In an exclusive interview to mark 30 years since he became prime minister, Mr Keating said Australia suffered from a lack of leadership, imagination and a radical conception of policy as both major parties viewed politics as “a game within a bubble”.

Mr Keating, who was sworn in as prime minister on December 20, 1991, also took a swipe at former leader Bill Shorten for turning Labor back to a “redistributive” model and said Mr Albanese was “moving towards the Hawke-Keating model”, but he stopped short of saying it had fully returned.

The Weekend Australian can reveal that Labor has not invited Mr Keating to mark the 30th anniversary of his prime ministership – nor the 20th anniversary in 2011 – with a gala dinner as it did for Bob Hawke and Gough Whitlam.

Mr Keating, who met presidents Ronald Reagan, George HW Bush and Bill Clinton when in office, said he supported and encouraged US engagement in the Asia-Pacific but only as “a conciliating and balancing power”.

“American policy has been, since the war, about maintaining strategic hegemony across the world, including in Asia,” he said. “I don’t believe that the US is able to maintain strategic hegemony in Asia with the rise of China.

“So, I’ve taken the view, as far back as 20 years ago, that the US should be the framer and guarantor of the Atlantic but not of the Pacific. In Asia, it should be the conciliating and balancing power. And we need it to be.

“To try and argue that now, as China returns to where it was over 200 years ago as the major state by population and by GDP, that it will be a strategic client of the US in the way Japan has for 80 years, is strategic nonsense.”

Scott Morrison has been labelled a ‘pass through’ prime minister by predecessor Paul Keating. Picture: NCA Newswire / Gaye Gerard
Scott Morrison has been labelled a ‘pass through’ prime minister by predecessor Paul Keating. Picture: NCA Newswire / Gaye Gerard

Mr Keating opposed the AUKUS deal with the US and Britain under which Australia would acquire nuclear-powered submarines. As Australia had no nuclear power industry, this would require the use of US technology, industry and personnel, for building, operation and maintenance.

“The US has had little regard or respect for Australia’s right to its own sovereignty,” he said. “What the US has connived in is the effective expropriation of Australia’s strategic sovereignty through the AUKUS program. It has fundamentally taken from Australia our strategic sovereignty because the submarines will simply be a unit of any US naval force.

“Scott Morrison, a pass-through prime minister of no policy account, wilfully and secretly alienated the sovereignty of his own country to that of another state, the US, a country his limited strategic vision cannot see beyond.

“His secret negotiation delivered to the US military effective strategic control of Australian naval forces, the sovereign policy options of the Australian nation.

“We are a frightened country.

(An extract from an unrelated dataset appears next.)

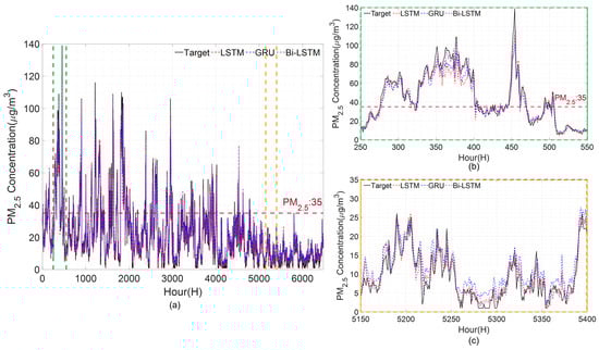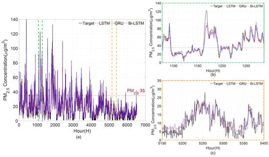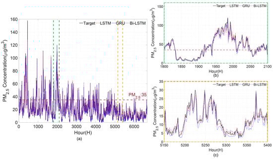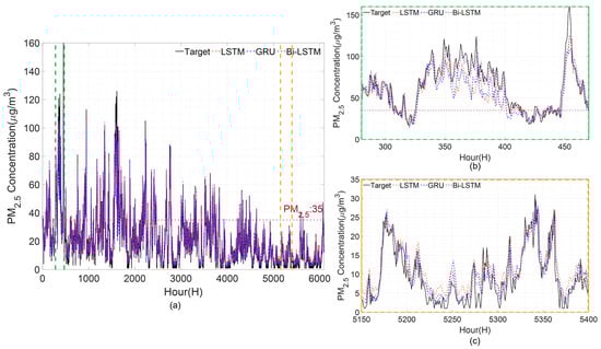 Results of the PM concentration forecast by deep learning models at the Gangnam-gu station: (a) Test data section, (b) high-concentration section, and (c) low-concentration section.

We continue running to a strategic guarantor – it used to be the UK and now it is the US. The fact that this has happened is a terrible indictment upon us and, of course, broadly they have had the complicity of the Labor Party.”

While Mr Keating and Mr Hawke endorsed Labor at the 2019 election, essentially for being the inheritor of their economic reforms, Mr Keating said Labor must not revert to a pre-1980s policy mindset. “Philosophically, Labor is moving towards the Hawke-Keating model,” he said.

“Anthony Albanese’s views about aspiration record a shift in sentiment inside Labor, whereas the Bill Shorten model was essentially redistributive, taking economic resources from higher-income groups and distributing them to lower-income groups.

“Bob and I wanted to make the place wealthier, richer, and do things to improve the creation and distribution of wealth, and at least provide a level playing field for everybody.

“We always had the sunny uplands in the policy. The sunny uplands, the notion where everybody found a place, disappeared at the last election and is reappearing somewhat now.”

In the wide-ranging interview featured in Inquirer, Mr Keating reflected on his prime ministership and contemporary policy issues, and said his “big picture” approach to politics was as relevant now as it was 30 years ago.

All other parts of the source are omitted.